We also analyzed the prediction performance of DIPx in the 29 cell lines from 6 different cancer tissues (Figure 3b). Colon cancer (yellow boxplots) and lung cancer cell lines (purple boxplots) showed better validation compared to cell lines from breast, ovarian, melanoma, and prostate cancers.

Inference of the mechanism of action based on PAS

The use of PAS in DIPx allows us to infer the potential mechanisms of action of drug combinations while maintaining the prediction performance of the model. For instance, in Test Set 1 of the AZS data, DIPx suggests the involvement of ERBB2 signaling pathways in the Capivasertib + Sapitinib combination, as illustrated by the top pathways depicted in Figure 1e and marked yellow in Figure 4a. This combination therapy has shown promise in overcoming resistance to anti-ERBB2 monotherapy in HER2+ breast cancer (Fujimoto et al., 2020), and ERBB2 has been identified as a key biomarker associated with synergistic responses to this combination in the AZS DREAM Challenge study (Menden et al., 2019).

Inference of pathway importance scores in the AZS dataset.

a) Scatter plot showing feature importance (x-axis) vs PAS (y-axis) for the Capivasertib + Sapitinib combination. Pathways with high PAS and feature importance (top 5%) are of particular interest. **b, c**) Top pathways contributing to the prediction of the combinations in Test Set 1 (b) and Test Set 2 (c). For each pathway, the bar plots show its feature importance. **d, f**) Functional interaction between the pathway vs driver genes (x-axis) and the pathway vs target genes (y-axis) of the top pathways suggested by DIPx in the SW900 cell line treated with synergistic combination BCL2L1 + AZD5582 (d) and the non-synergistic combination Doxorubicin + AZ12623380 (f). The z-score from network enrichment analysis (NEA) is a measure of functional interaction between two gene sets. A higher z-score indicates a stronger interaction compared to a random permutation of the network. The upper right quadrant (z-score > 1.96) represents pathways that are potentially interesting. **e, g**) Cartoon illustration of the potential pathways mediated by the synergistic combination of BCL2L1 + AZD5582 (e) and the non-synergistic combination Doxorubicin + AZ12623380 (g). This figure was created using BioRender.com.
**Figure 4—figure supplement 3**. A cartoon illustration of the RAS pathway mediated by the Selumetinib + MK-2206 combination
**Figure 4—figure supplement 4**. Observed vs predicted inhibition in the SW900 cell line treated by BCL2L1 + AZD5582 and Doxorubicin + AZ12623380 combinations
**Figure 4—figure supplement 5**. Functional interaction between driver genes, target genes, and top pathways suggested by DIPx in the SW900 cell line treated with BCL2L1 + AZD5582.
**Figure 4—figure supplement 6**. Functional interaction between driver genes, target genes, and top pathways suggested by DIPx in the SW900 cell line treated with Doxorubicin + AZ12623380.
**Figure 4—figure supplement 7**. Top pathways contributing to the prediction of the MK2206 + Erlotinib combination in the ONeil dataset

a) Comparison of drug synergy between combinations (drug A + drug B) with vs without overlapping target genes. The numbers in parentheses show the sample sizes of each group. b) Drug synergy between four groups in relation to increased functional interaction between the target genes of the two drugs. c) Comparison between the observed functional interaction (z-score in the network enrichment analysis) and the predicted z-score by PAS.

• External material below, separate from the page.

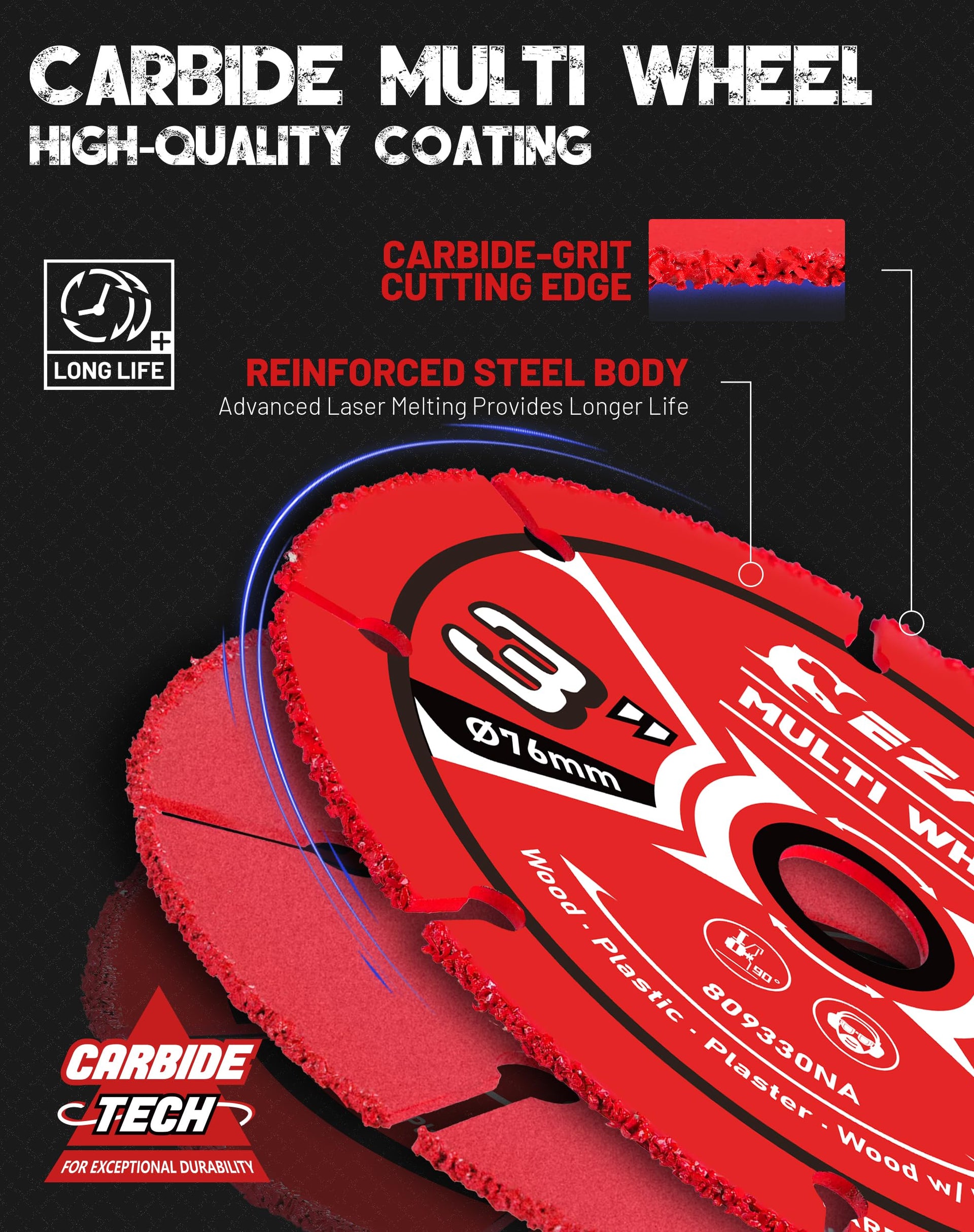 - 【Carbide Technology】EZARC Carbide multi wheel is brazed with evenly distributed high-quality carbide particles, offering exceptional wear resistance and long-lasting performance. Up to 2X cutting efficiency vs inferior alloy saw blades.

Figure 4a further shows the distribution of feature importance versus PAS for all pathways for Capivasertib + Sapitinib combination. The feature importance value (x-axis) is calculated using the permutation method of Ishwaran and Lu (2019). The PAS value (y-axis) represents the median PAS across samples treated with this combination in two test sets. Our focus is on pathways with high feature importance (e.g., the top 5%) as well as highly activated (top 5% PAS). Therefore, the top-right section of Figure 4a is the interesting region. We present additional examples to further demonstrate the capabilities of DIPx. Figure 4b gives the top pathways of MEDI3622, an ADAM17 inhibitor, in combinations with AKT inhibitors including Capivasertib and MK-2206. These ADAM17 + AKT combinations target multiple parts of the PI3K/AKT pathway through ERBB activation (Menden et al., 2019), which aligns with the potential pathway candidates suggested by DIPx.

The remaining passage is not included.